STORED DATA
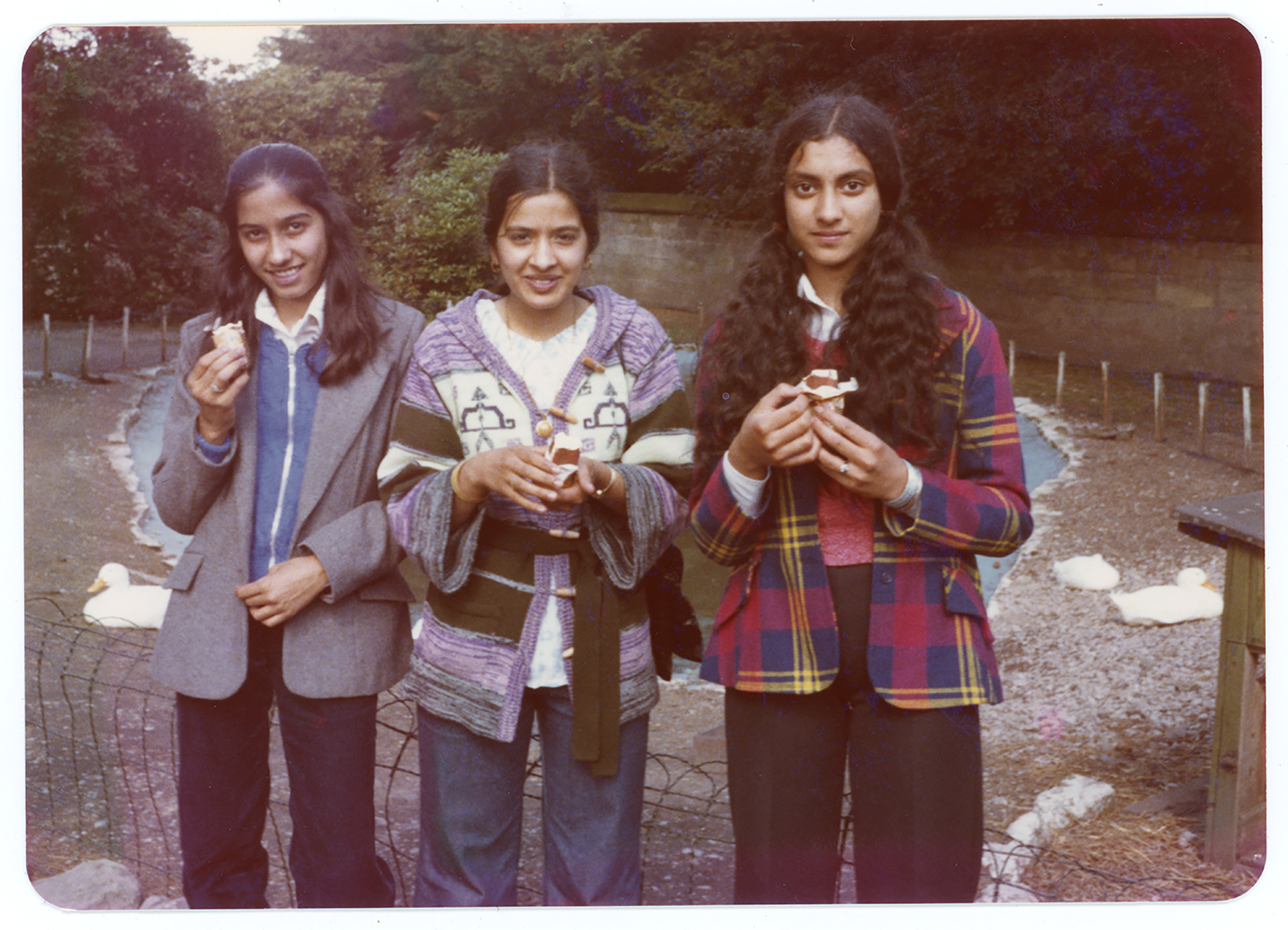 Three young people stand with cake at Alton Towers Theme Park in Derby.
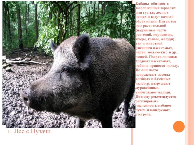 Слайд 37Кабаны- обитают в заболоченных зарослях или густых лесных чащах и ведут
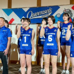 北河英典代表から「3年以内のリーグ優勝」を目標に掲げること。加えて、28年に三河安城駅前に新設され、Bリーグのシーホース三河と共用するホームアリーナ構想について発表され、新たなシーズンに臨むスタッフ、選手が新しいユニフォーム姿で並ぶ。今季就任した酒井新悟監督からも「チームの歴史的な瞬間に立ち会い、身が引き締まる思い。勝つこと、結果を残すことはもちろん、成長を楽しんでもらえるように。クインシーズ刈谷の未来を地域、ファンの皆さんと一緒に築き上げていきたい」と決意が述べられた。
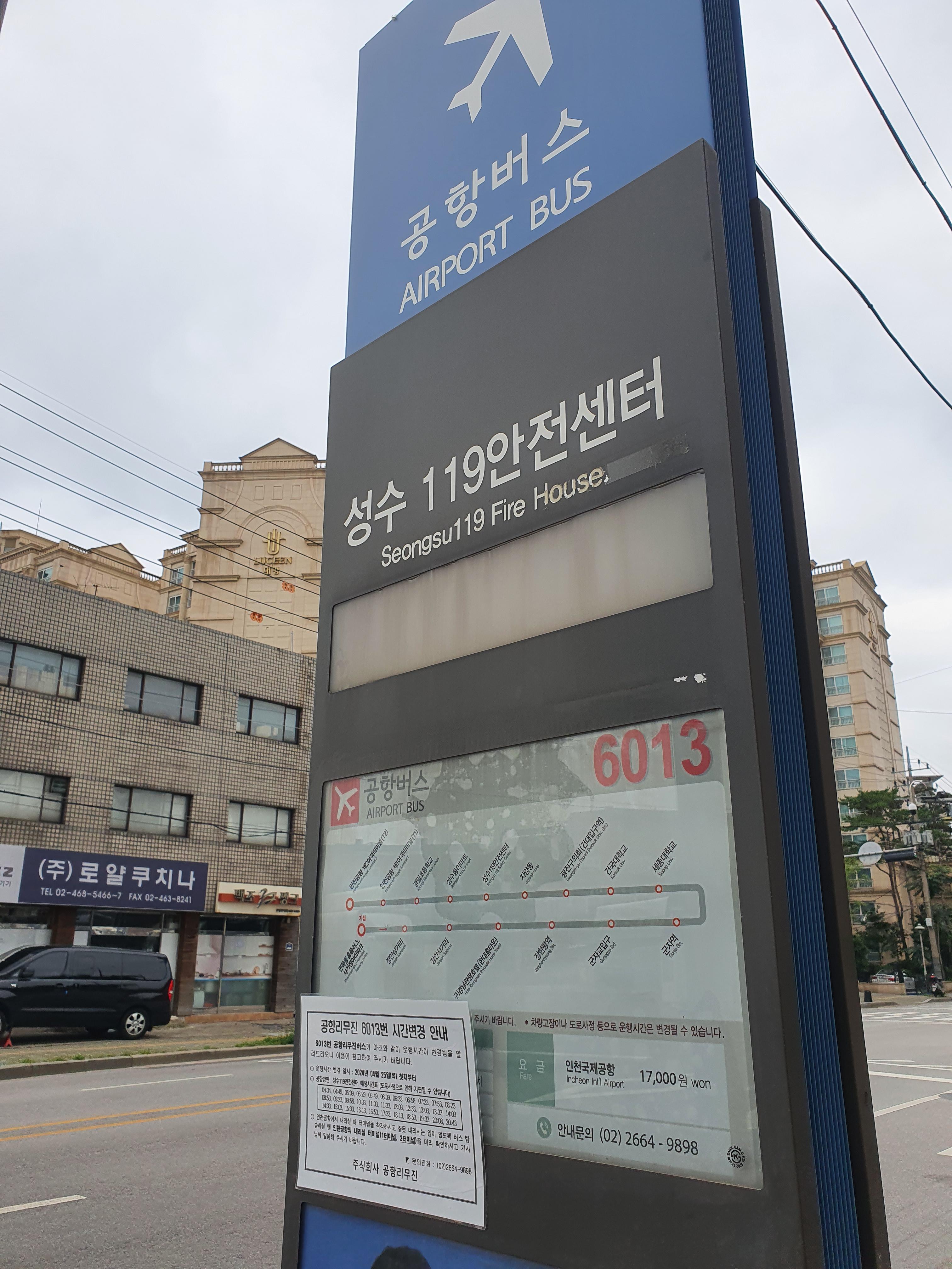 성수 119센터에서 6013번을 타고 인천공항 제2여객터미널로 가면된다.

ABOUT THIS EXERCISE
Lines before the one containing "北河英典代表から「3年以内の" are not wanted; write out that line and every later line through the end of the data above, exactly, without pictures.

RESPONSE
 北河英典代表から「3年以内のリーグ優勝」を目標に掲げること。加えて、28年に三河安城駅前に新設され、Bリーグのシーホース三河と共用するホームアリーナ構想について発表され、新たなシーズンに臨むスタッフ、選手が新しいユニフォーム姿で並ぶ。今季就任した酒井新悟監督からも「チームの歴史的な瞬間に立ち会い、身が引き締まる思い。勝つこと、結果を残すことはもちろん、成長を楽しんでもらえるように。クインシーズ刈谷の未来を地域、ファンの皆さんと一緒に築き上げていきたい」と決意が述べられた。
 성수 119센터에서 6013번을 타고 인천공항 제2여객터미널로 가면된다.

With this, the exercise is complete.